→ TASK STATEMENT
Write out exactly the lines from the one that contains "Трейдеры сообщили о" down to the last line of the material below, keeping both ends and omitting pictures.

[RECORD EXCERPTS Boundary: Start]

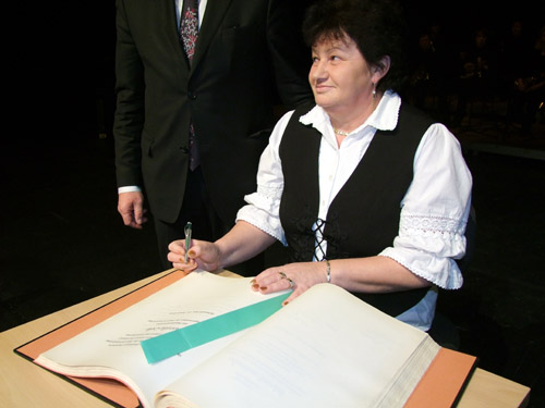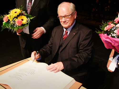Ins Goldene Buch der Stadt trugen sich die Leiterin des rumänischen Kinderheims Ocland, Rozália Cseke, und der Vorstandsvorsitzende des Evangelischen Jugend- und Fürsorgewerkes, Siegfried Dreusicke, ein.
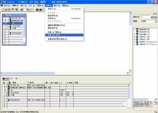 1、启动step7,进入到硬件组态画面,组态完硬件后,安装ABB变频的GSD文件ABB_0812.GSD。
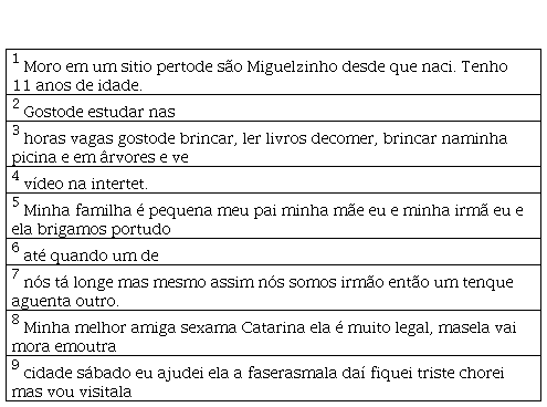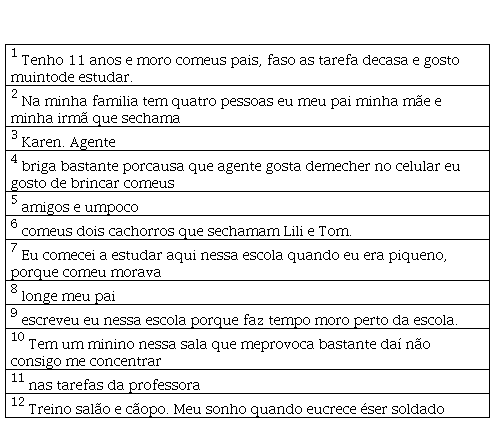 Tais ocorrências também se fizeram presentes nas demais produções textuais pertencentes ao nosso corpus geral, nas quais foi possível observarmos ainda o uso indevido de letras maiúsculas e minúsculas, ausência de sinais pontuação e a falta e/ou o emprego indevido dos acentos gráficos; além de diversos problemas de ordem semântica e sintática.
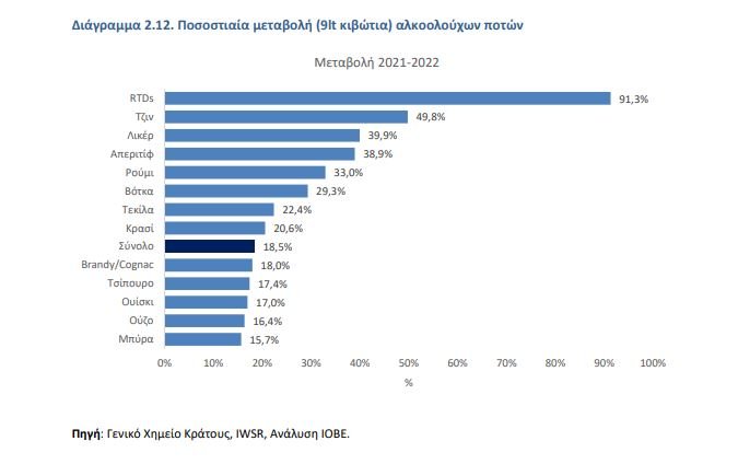 Συνολικά, στα λευκά ποτά (τζιν, βότκα, ρούμι, τεκίλα), αυξήθηκε σημαντικά η κατανάλωση το 2022 συγκριτικά με το 2021, ενώ σχετικά μικρότερες αυξήσεις καταγράφονται στο τσίπουρο, το ούζο, το ουίσκι αλλά και στη μπύρα.
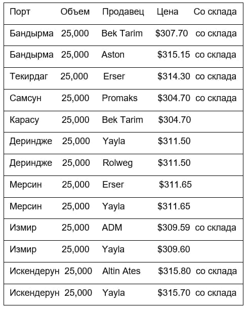 Трейдеры сообщили о следующих предварительных закупках с указанием порта выгрузки, объема в тоннах, продавца, цены в долларах за тонну C&F и о поставке со складов в Турции:
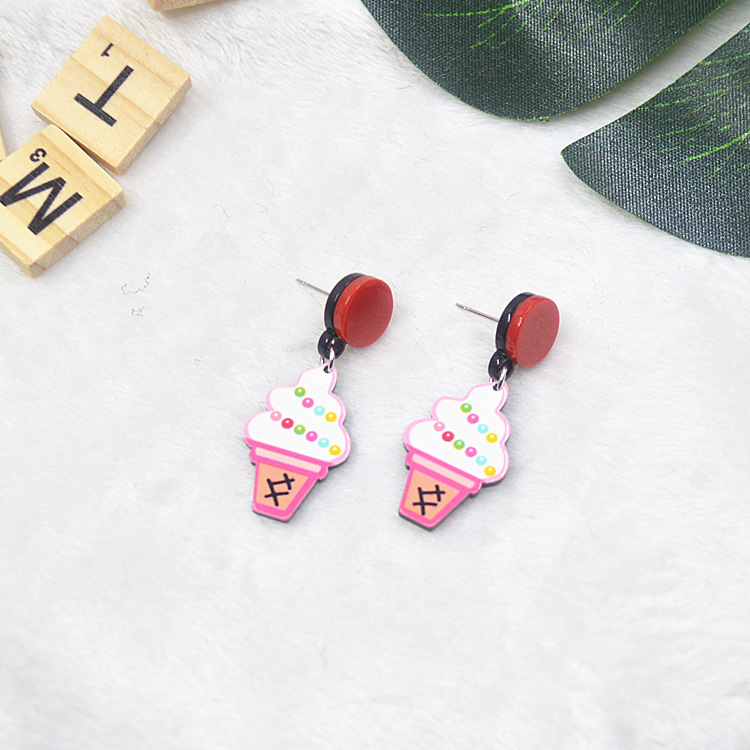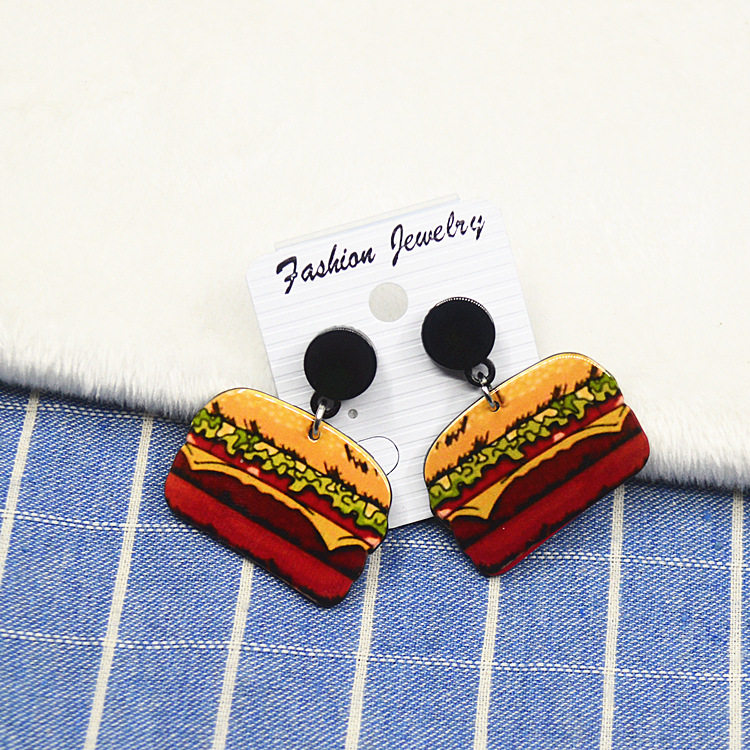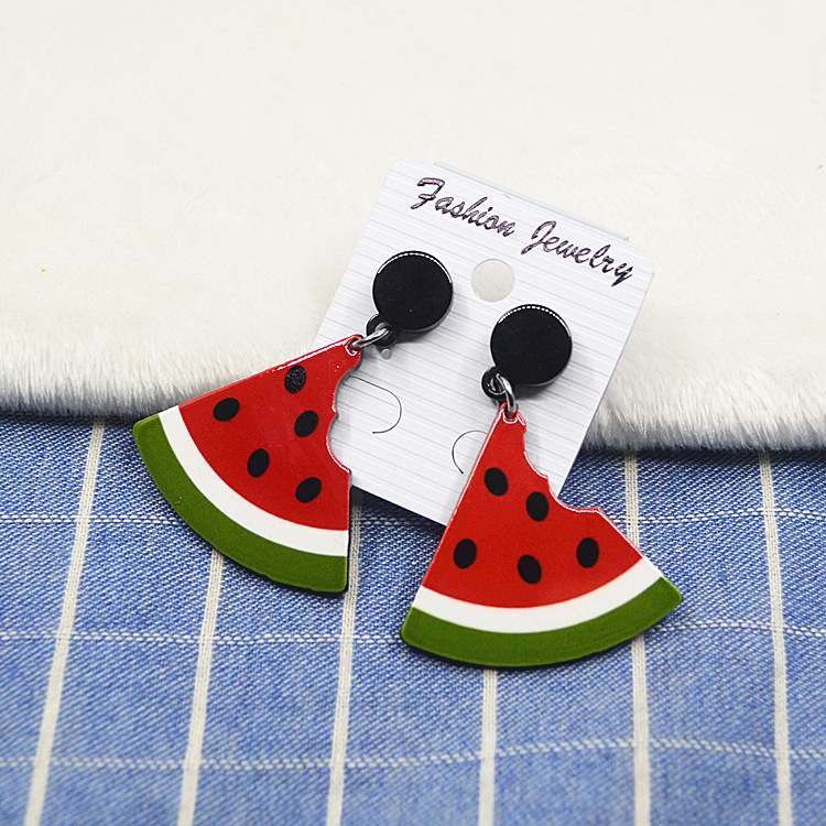 原宿卡通时尚耳钉女气质个性亚克力水果食物夏日长款西瓜耳环耳坠

[RECORD EXCERPTS Boundary: End]

→ RESULT OF THE TASK
 Трейдеры сообщили о следующих предварительных закупках с указанием порта выгрузки, объема в тоннах, продавца, цены в долларах за тонну C&F и о поставке со складов в Турции:
 原宿卡通时尚耳钉女气质个性亚克力水果食物夏日长款西瓜耳环耳坠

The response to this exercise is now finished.